8
In the Car with Mother on Christmas Eve
She is eighty-eight years old, she reminds me, my small, scrunched-up mother, as round as Santa with hair as white and fluffy as his beard. “The tenth of February, I’ll be eighty-nine,” she announces.
The car clock says it’s 1:55 as we begin the one hundred-mile trip to my house for Christmas. This is our tradition since my dad has been gone, six years. Two years ago my brother David died. This year I am divorced. It’s hard to keep traditions going. I punch buttons on the radio, trying to find Christmas songs. I settle for a country station that plays oldies – Willie Nelson’s twangy “On the Road Again.” Serendipity.
“Belle has the same birthday as me, the tenth of February.
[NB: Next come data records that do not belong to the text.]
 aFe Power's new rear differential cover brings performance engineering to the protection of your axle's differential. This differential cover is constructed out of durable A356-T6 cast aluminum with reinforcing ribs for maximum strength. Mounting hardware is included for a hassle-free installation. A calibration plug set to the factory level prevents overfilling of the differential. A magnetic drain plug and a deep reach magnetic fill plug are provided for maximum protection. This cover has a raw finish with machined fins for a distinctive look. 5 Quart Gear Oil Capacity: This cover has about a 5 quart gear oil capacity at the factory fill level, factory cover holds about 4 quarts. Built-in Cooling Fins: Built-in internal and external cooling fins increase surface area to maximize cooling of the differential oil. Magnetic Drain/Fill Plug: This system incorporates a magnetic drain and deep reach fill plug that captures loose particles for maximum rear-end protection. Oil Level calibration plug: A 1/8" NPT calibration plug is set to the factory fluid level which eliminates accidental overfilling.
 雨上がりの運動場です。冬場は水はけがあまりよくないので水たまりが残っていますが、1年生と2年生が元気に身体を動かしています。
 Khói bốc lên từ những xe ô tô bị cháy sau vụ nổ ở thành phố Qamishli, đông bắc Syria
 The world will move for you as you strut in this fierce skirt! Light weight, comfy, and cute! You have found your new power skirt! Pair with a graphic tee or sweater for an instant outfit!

She’s sixty and I’m eighty-eight,” Mother says. “She embroidered twenty-seven pillowcases for Christmas presents. My eyesight’s not good enough to do hand-work anymore.”
All of this before we leave the city limits. We pass the funeral home and the Presbyterian Church, and the rustic sign with the words “Visit us again” in faded red paint. My foot presses hard on the accelerator.
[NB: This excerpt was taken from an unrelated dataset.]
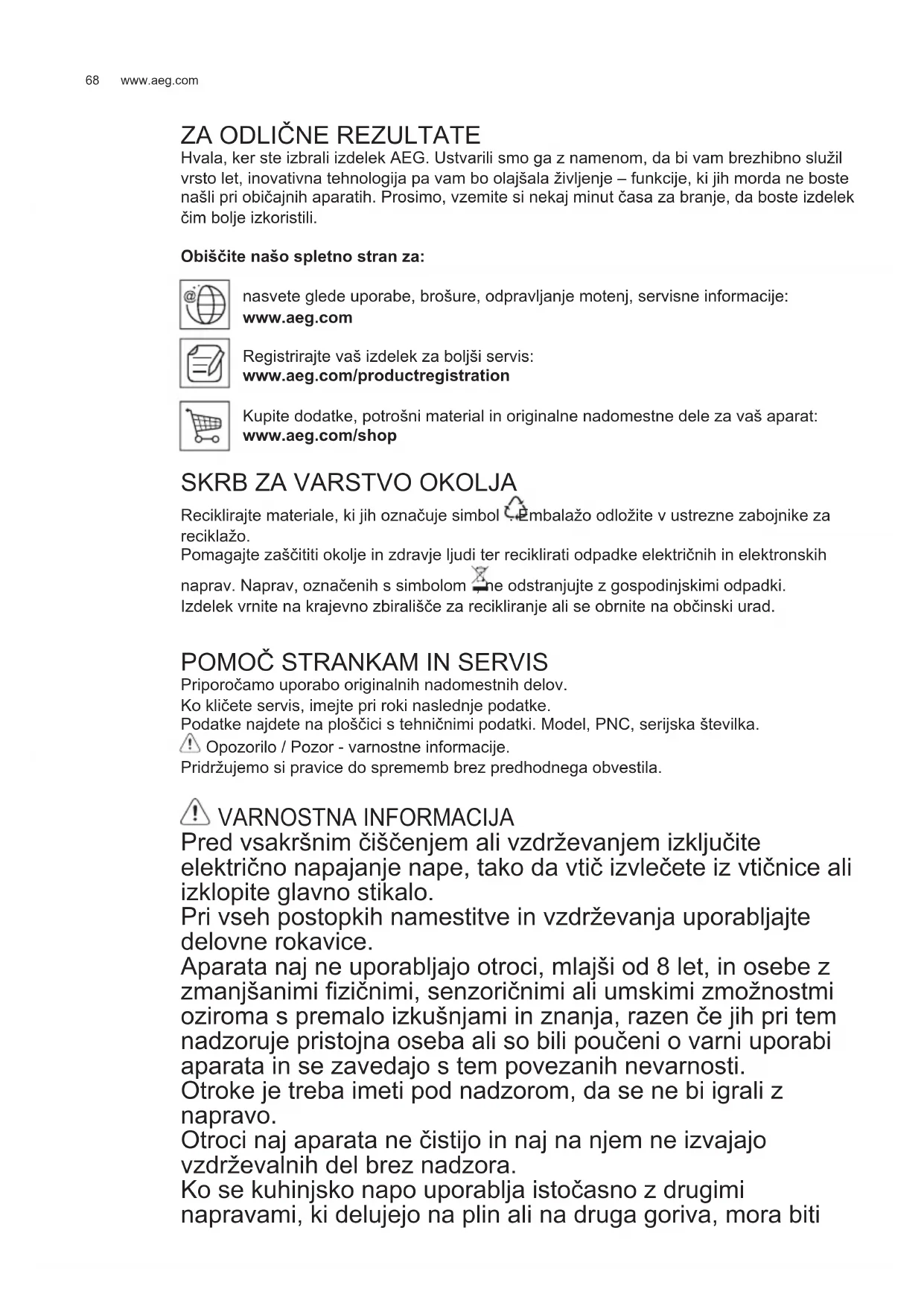 VARNOSTNA NAVODILA Odprti ogenj je škodljiv za fi ltre in lahko povzroči požar, zato je uporaba slednjega v vsakem primeru prepovedana. Cvrtje zahteva stalen nadzor, da se pregreto olje ne bi vnelo. POZOR: Med delovanjem kuhalne plošče se dostopni deli nape lahko močno segrejejo. Pri menjavi uporabite le tip žarnice, ki je naveden v poglavju o vzdrževanju/ zamenjavi žarnice v teh navodilih. Pozor! Naprave ne priključujte na električno omrežje, dokler inštalacija ni v celoti zaključena. Kar zadeva tehnične in varnostne ukrepe za odvod dimov, morate strogo upoštevati določbe pristojnih krajevnih organov. Vsesani zrak se ne sme usmerjati v cevovod, ki služi kot odvod za pline, katere proizvajajo naprave, ki delujejo na plin ali druga goriva. Nape ne uporabljajte oziroma je ne puščajte z nepravilno nameščenimi žarnicami, saj obstaja tveganje električnega udara. Nape nikoli ne uporabljajte, če rešetka ni pravilno nameščena! Nape NIKOLI ne uporabljajte kot odlagalne površine, razen če je to izrecno dovoljeno. Za nameščanje izdelka uporabite le priložene pritrdilne vijake. Če jih ni na voljo, pa kupite pravo vrsto vijakov. Uporabite vijake prave dolžine, ki so navedeni v navodilih za namestitev. V primeru dvomov se posvetujte s pooblaščenim servisnim centrom ali s podobno usposobljeno osebo. POZOR! Če pri montaži vijakov in pritrdilnih elementov ne upoštevate teh navodil, obstaja nevarnost električnega udara. 2.UPORABA Napa odsesava dimne pline in pare, ki nastajajo med kuhanjem. V priloženem priročniku z navodili za namestitev je navedeno, katero različico lahko uporabite pri vašem modelu nape: odzračevalno ali obtočno . 3.INŠTALACIJA Omrežna napetost mora ustrezati napetosti, navedeni na nalepki z lastnostmi, nameščeni v notranjosti nape. Če ima napa vtič, slednjega vstavite v vtičnico, ki je skladna z veljavnimi predpisi in se nahaja na takem mestu, ki bo dostopno tudi po vgradnji naprave. Če napa nima vtiča (neposredna povezava na omrežje) ali se vtič nahaja na takem mestu, ki po vgradnji naprave ne bi bilo dostopno, namestite dvopolno stikalo, skladno s predpisi, ki zagotavlja popoln izklop iz omrežja v pogojih prenapetostnega razreda III, skladno s predpisi o inštalaciji. Pozor!pred ponovnim priklopom tokokroga nape na omrežno napajanje in kontrolo pravilnega delovanja, vselej preverite, ali je omrežni kabel pravilno nameščen.www.aeg.com

“Every night, that’s all Belle does,” Mother says.
“That’s not all she does,” I say, a gentle reproach. Lord, I think, what would happen if Belle left? She moved into the back bedroom over a year ago when Mother needed full-time care. She cooks, grocery shops, does everything that a dutiful daughter should do so that Doris and I can live in Nashville. I am terrified by the thought that Belle might lose patience with Mother and quit.
“Every night, she has to do her hand-work.” Mother does not acknowledge my remark. She’s hard of hearing on a selective basis.
We head north on Highway 13, a treacherous two-lane road that snakes through the Buffalo River valley. A wreath here and a cross there mark the sites of fatal car wrecks. As we approach a particular hairpin curve, I anticipate Mother’s comment: “That’s where Nathan Archer died.” She points to a ditch. No cross or wreath identifies the spot.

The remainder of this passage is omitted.